Mukherjee, 45, had been living in an apartment for years before he decided on the big move. Last year, in an Architectural Digest feature on his new address, he was quoted saying that it was going to change the way he lived and worked. When I bring this up at his brunch, Mukherjee smiles and admits he hasn’t lived in his mansion long enough. With his many projects lined up for the year — a jewellery flagship in Mumbai, an April 6 fashion show in Mumbai with shoe designer and long-time collaborator, Christian Louboutin, an exhibition by the Sabyasachi Art Foundation, and continued work with Pottery Barn, Lane Crawford and others — this doesn’t seem likely to change.
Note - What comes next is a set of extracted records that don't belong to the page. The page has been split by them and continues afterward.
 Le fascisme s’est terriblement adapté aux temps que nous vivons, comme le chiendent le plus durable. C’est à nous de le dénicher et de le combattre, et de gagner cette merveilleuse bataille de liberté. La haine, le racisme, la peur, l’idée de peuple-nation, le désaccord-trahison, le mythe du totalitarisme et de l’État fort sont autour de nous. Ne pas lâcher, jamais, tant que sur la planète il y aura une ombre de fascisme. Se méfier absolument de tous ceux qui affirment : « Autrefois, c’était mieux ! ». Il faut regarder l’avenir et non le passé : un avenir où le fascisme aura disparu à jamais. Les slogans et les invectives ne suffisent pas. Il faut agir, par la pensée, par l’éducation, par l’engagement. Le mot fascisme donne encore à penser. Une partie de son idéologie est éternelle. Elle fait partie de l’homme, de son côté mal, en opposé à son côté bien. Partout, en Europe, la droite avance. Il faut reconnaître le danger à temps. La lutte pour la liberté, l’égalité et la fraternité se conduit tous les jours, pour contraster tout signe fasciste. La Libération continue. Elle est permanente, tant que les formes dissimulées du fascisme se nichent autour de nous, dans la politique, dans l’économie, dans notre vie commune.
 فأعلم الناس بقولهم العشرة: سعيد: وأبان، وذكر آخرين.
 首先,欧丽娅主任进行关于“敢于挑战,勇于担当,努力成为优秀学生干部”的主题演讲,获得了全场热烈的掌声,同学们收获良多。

Mukherjee half-jokingly says Airbnb’s Luxury Retreats might be an option. But then again, he is “such a private person”, he nods. His parents might also have a say, as they live there too, together with the designer’s adorable cocker spaniels, George, Raghu and Richard.
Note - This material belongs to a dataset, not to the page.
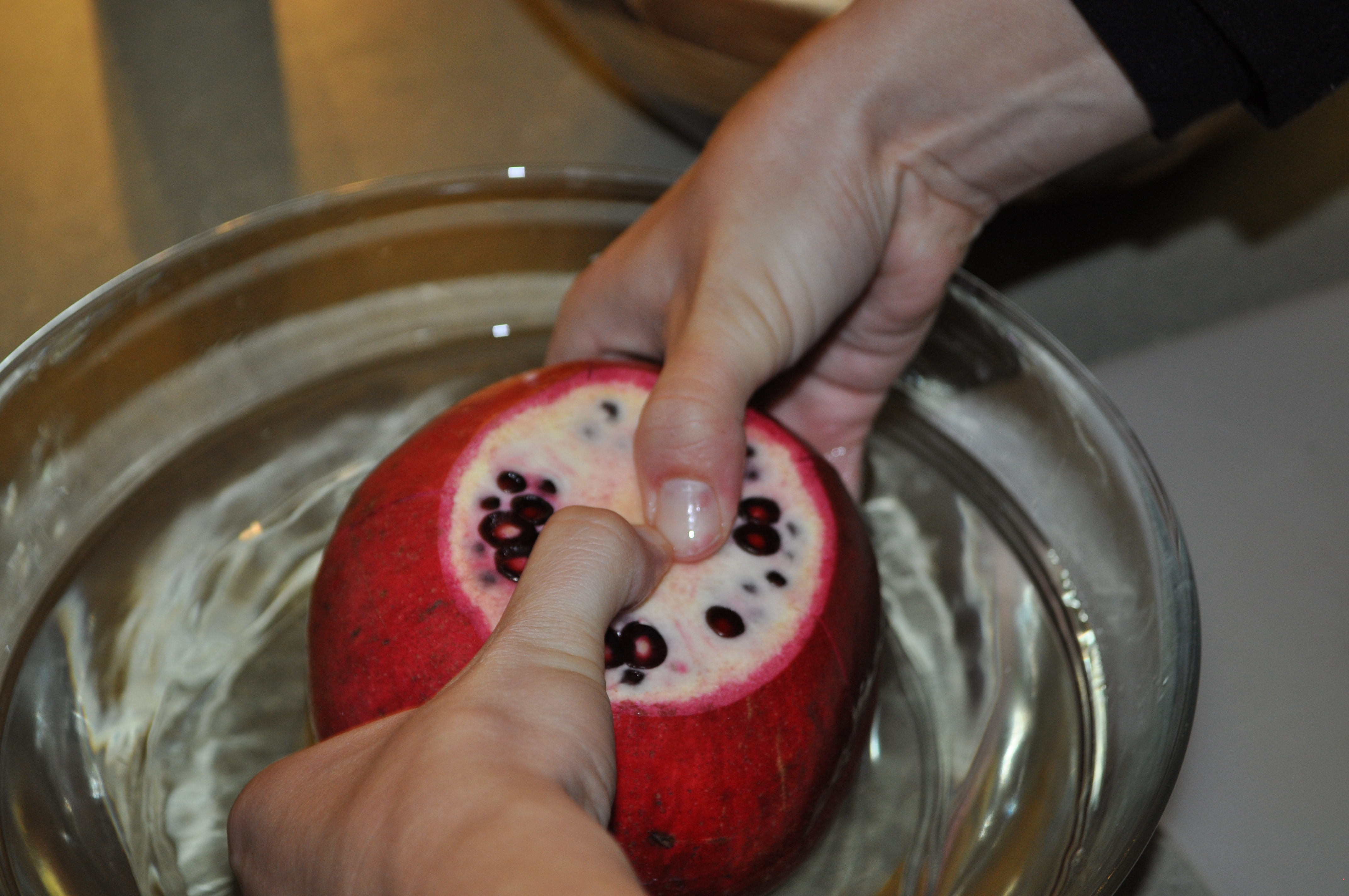 In a large bowl of water. Push in on one end of the pomegranate with your thumbs while pulling apart with your fingers on the other end.

- Be it the celebrity grooms Mukherjee has outfitted or his new ad campaign for men, jewellery plays a big role. “Men in India [in the past] were the true dandies because they really liked their jewellery and clothing and I don’t see that exuberance in men’s clothing anymore. Somewhere down the line, a lot of that exuberance has evaporated into thin air. There’s such a big revival of exuberant menswear around the world that in my own way I try to bring it within an Indian context,” he says.
In his words, the house is a mish-mash of everything. Dutch colonial pottery, French pottery, Indian, Bengal. There are chandeliers everywhere, all F&C Osler, with one in the bath too. The piece de resistance towers over the “grand dame” teak staircase at the entrance, almost 25 feet high. “They don’t make this size anymore. My dealer, a senior person in the business, said it was from one of the royal families. I had the choice of buying serious art and a chandelier. I don’t think I could have afforded the art I really wanted to buy, because I wanted a (Amrita) Sher-Gil or a (FN) Souza,” he says. I spot exquisite pichhwai paintings and works by Mumbai artist, Dhruvi Acharya.
There are mirrors too, a Portuguese one in the living room, Urdu-etched mirrors from Taherally’s and miniatures in the garden too. Mukherjee says he enjoys collecting old mirrors and the illusion of space they give. The old world Bengali aesthetic is also courtesy a steady diet of old Bengali films, Satyajit Ray’s Charulataand Jalsaghar being his favourites. It helped that his uncle was part of a film club and into Bengali literature, too.
The paint job
As for the walls, he points out that his signature layering works everywhere, not just with clothing, surface treatment and embroidery. “I like the patina of age because it give so much character. It always gives you this little feeling of things getting unravelled,” he begins to explain. Over time, he says, a little bit of the top coat in the living rooms will fade away and the bottom coat will come out. Who would have thought of that? “When you layer things with a little bit of top decay, the inner layers will come out and it gives you many possibilities of depth. I hate paint that is of such good quality that even at 15 years, they don’t weather.”
With a turnover of ₹253 crore and the Sabyasachi company valued at ₹2,400, the designer is clearly moving at a brisk clip. Yet he is said to be a simple man. In the past, he has talked about growing up in a bungalow in Chandannagar, about 50 km from Kolkata, and going to school in a hand-rowed boat. Does this house bring back memories and keep him grounded? “Everyone believes there is a golden period in their lives,” he explains. “This house is my attempt to do that.”